• TASK: From the first line to the last, set down the material exactly and drop every picture.

• INFORMATION SHOWN:

# # # # #

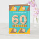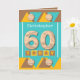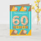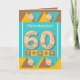 60º cartão de cumprimentos de aniversário. 60 hoje, adicione um nome e escreva o dentro de mensagem. Turquesa e castanho, amarelo com formas e triângulos de boné de garrafa. Feliz aniversário.
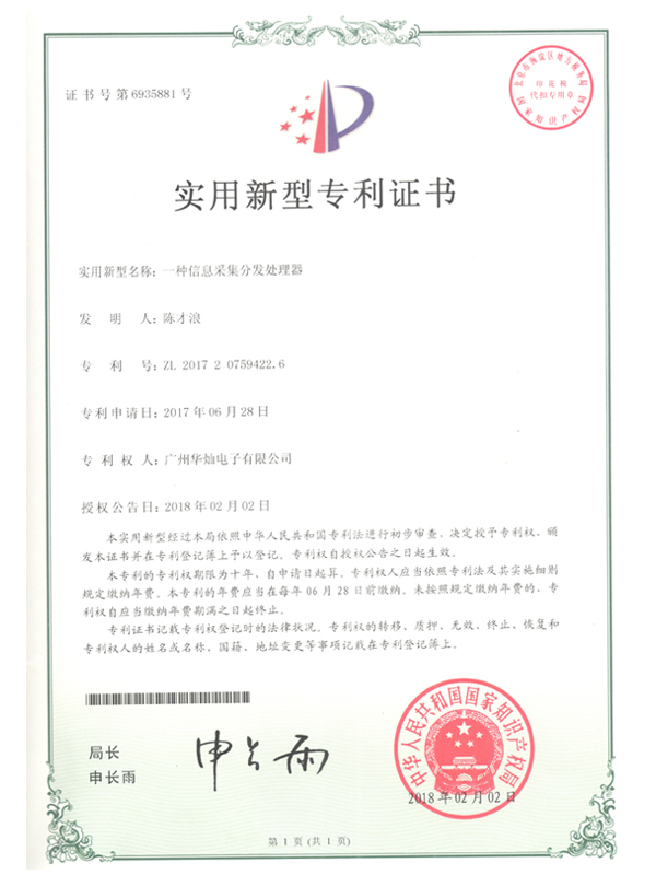 證書號6935881信息采集分發處理器
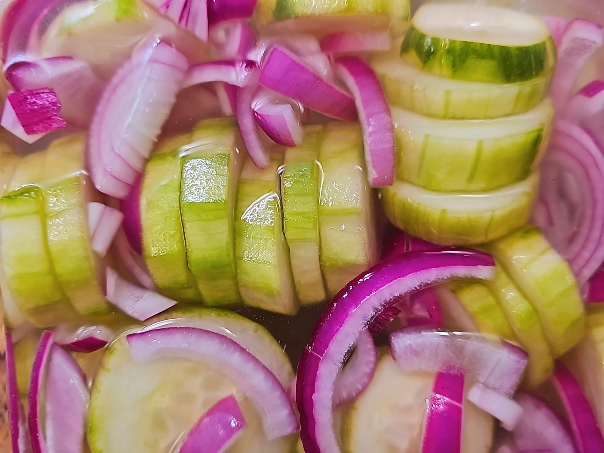 Step 2: An hour before the pork was done, I quick-pickled cucumbers and red onion in white vinegar, water, salt and sugar. Then came the fried shallots.
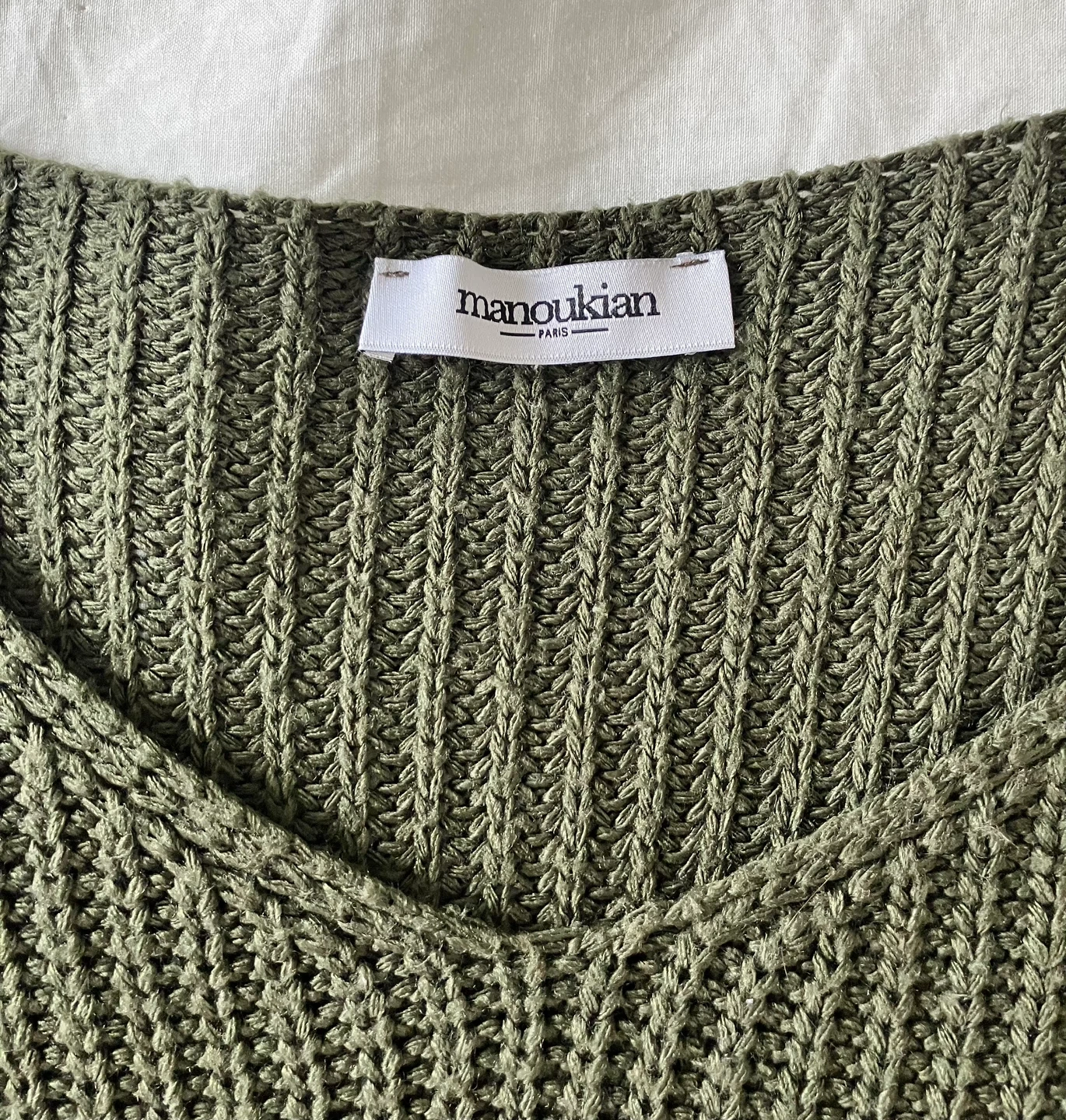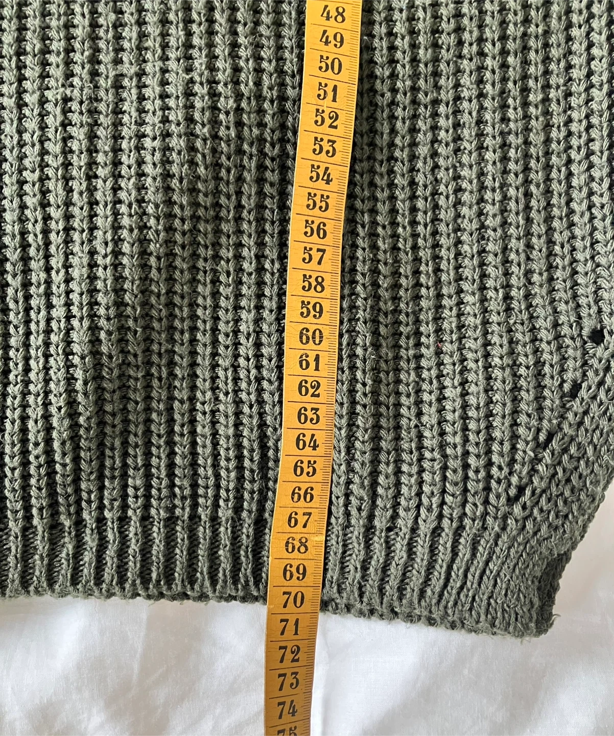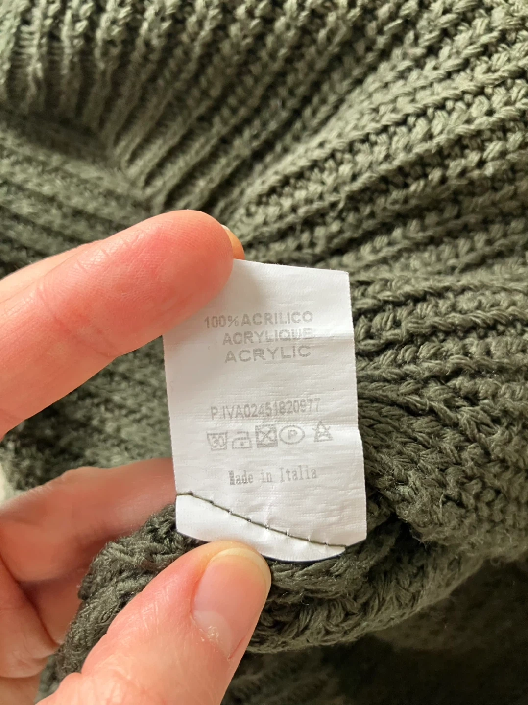 Cozy olive green sweater. Has a V-neck and chunky knit. Made in Italy. No size on tag but fits S-M.

# # # # #

• COMPLETED TASK:
 60º cartão de cumprimentos de aniversário. 60 hoje, adicione um nome e escreva o dentro de mensagem. Turquesa e castanho, amarelo com formas e triângulos de boné de garrafa. Feliz aniversário.
 證書號6935881信息采集分發處理器
 Step 2: An hour before the pork was done, I quick-pickled cucumbers and red onion in white vinegar, water, salt and sugar. Then came the fried shallots.
 Cozy olive green sweater. Has a V-neck and chunky knit. Made in Italy. No size on tag but fits S-M.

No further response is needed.